Objective: Evaluate outcomes of intensive posthospital brain injury rehabilitation programs compared to supported living (SL) programs; explore variations in outcome by diagnostic category (traumatic brain injury, stroke, and other acquired brain injury [ABI]) and specific program type.

Setting: Data were obtained from Residential Neurobehavioral, Residential Neurorehabilitation, Home and Community Neurorehabilitation, Day Treatment, Outpatient Neurorehabilitation, and SL programs serving individuals with ABI.

Participants: A total of 2120 individuals with traumatic brain injury, stroke, or other ABI participated in this study.

Main measures: The main measures are sex, age, time since injury, and Mayo-Portland Adaptability Inventory (4th edition; MPAI-4).

Design: Retrospective analyses of demographic variables and MPAI-4 Total, index, and subscale Rasch-derived T-scores on admission and discharge.

Results: Gains on MPAI-4 Total T-scores were significantly greater for the intensive rehabilitation (IR) group in comparison to stable functioning in the SL group ( F = 236.69, P < .001, partial η 2  = .101) while controlling for admission/time 1 scores; similar results were found for MPAI-4 indices and subscales. For the IR cohort, discharge scores differed by diagnostic category after controlling for admission scores for the Total MPAI-4 T-score ( F = 22.65, P < .001, partial η 2  = .025), as well as all indices and subscales. A statistically significant interaction between program type and diagnostic group on discharge MPAI-4 Total T-scores ( F = 2.55, P = .018, partial η 2  = .01) after controlling for admission scores indicated that differing outcomes across diagnoses also varied by program type. Varying significant main effects and interactions were apparent for MPAI-4 indices and subscales with generally small effect sizes.
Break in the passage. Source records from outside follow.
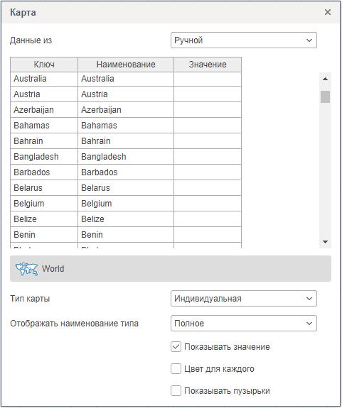 Выше представлен редактор элемента Региональная карта, при заполнении данных вручную.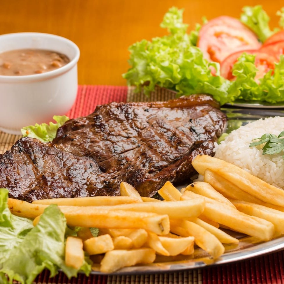 Suculento e bem temperado, servido com arroz, feijão, salada verde e fritas crocantes. Preparado na hora, sempre fresquinho e delicioso, é uma refeição completa que agrada a todos!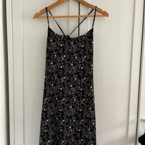 Nydelig lang kjole sort og sølv med stropper i glinsende fint stoff str S, ubrukt. Blomstrende mønster i sort. Med sorte stropper.perfet til fest jul julebord og annen feiring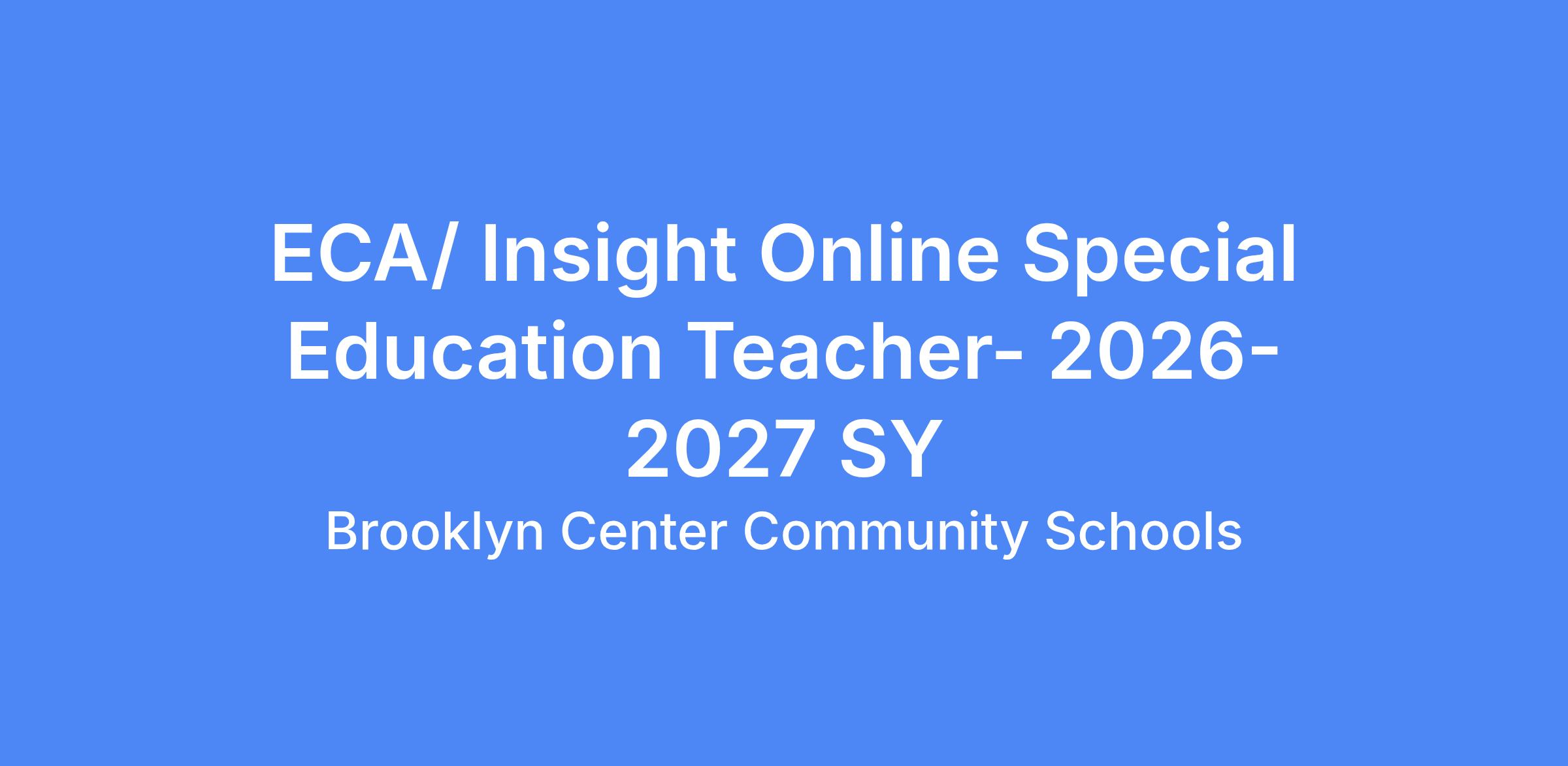 The Brooklyn Center Community School (BCCS) District is seeking a Special Education teacher to join our Early College Academy and Insight Online teams for the 2026-27 school year. This position is 0.6 FTE Early College Academy and 0.4 FTE Insight Online School.

Conclusions: Significant gains on MPAI-4 variables across IR program types compared to no change over a comparable period of time for SL programs supports the effectiveness of posthospital brain injury rehabilitation. This finding in the presence of small effect sizes on outcome variables for program type and for significant interactions between program type and diagnostic category suggests that participants generally were appropriately matched to program type and benefited from interventions provided through specific program types.

六种特定类型的脑损伤住院后康复计划的成果。
目标:评估住院后脑损伤强化康复项目与支持性生活(SL)项目的疗效;探讨不同诊断类别(创伤性脑损伤、中风和其他后天性脑损伤[ABI])和具体项目类型的疗效差异:数据取自为创伤性脑损伤患者提供服务的神经行为寄宿项目、神经康复寄宿项目、家庭和社区神经康复项目、日间治疗项目、神经康复门诊项目和 SL 项目:共有 2120 名脑外伤、中风或其他 ABI 患者参与了本研究:主要测量指标:性别、年龄、受伤后时间和马约-波特兰适应性量表(第四版;MPAI-4):设计:对人口统计学变量以及入院和出院时的MPAI-4总分、指数和分量表Rasch衍生T分进行回顾性分析:结果:与 SL 组的稳定功能相比,强化康复(IR)组的 MPAI-4 总 T 评分的提高幅度明显更大(F = 236.69,P 结论:MPAI-4 各项指标均有显著提高:与SL项目在可比时间内无变化相比,IR项目组在MPAI-4变量上的显著提高证明了院后脑损伤康复治疗的有效性。在项目类型和项目类型与诊断类别之间的显著交互作用对结果变量的影响较小的情况下得出的这一结论表明,参与者一般都与项目类型进行了适当匹配,并从特定项目类型提供的干预措施中获益。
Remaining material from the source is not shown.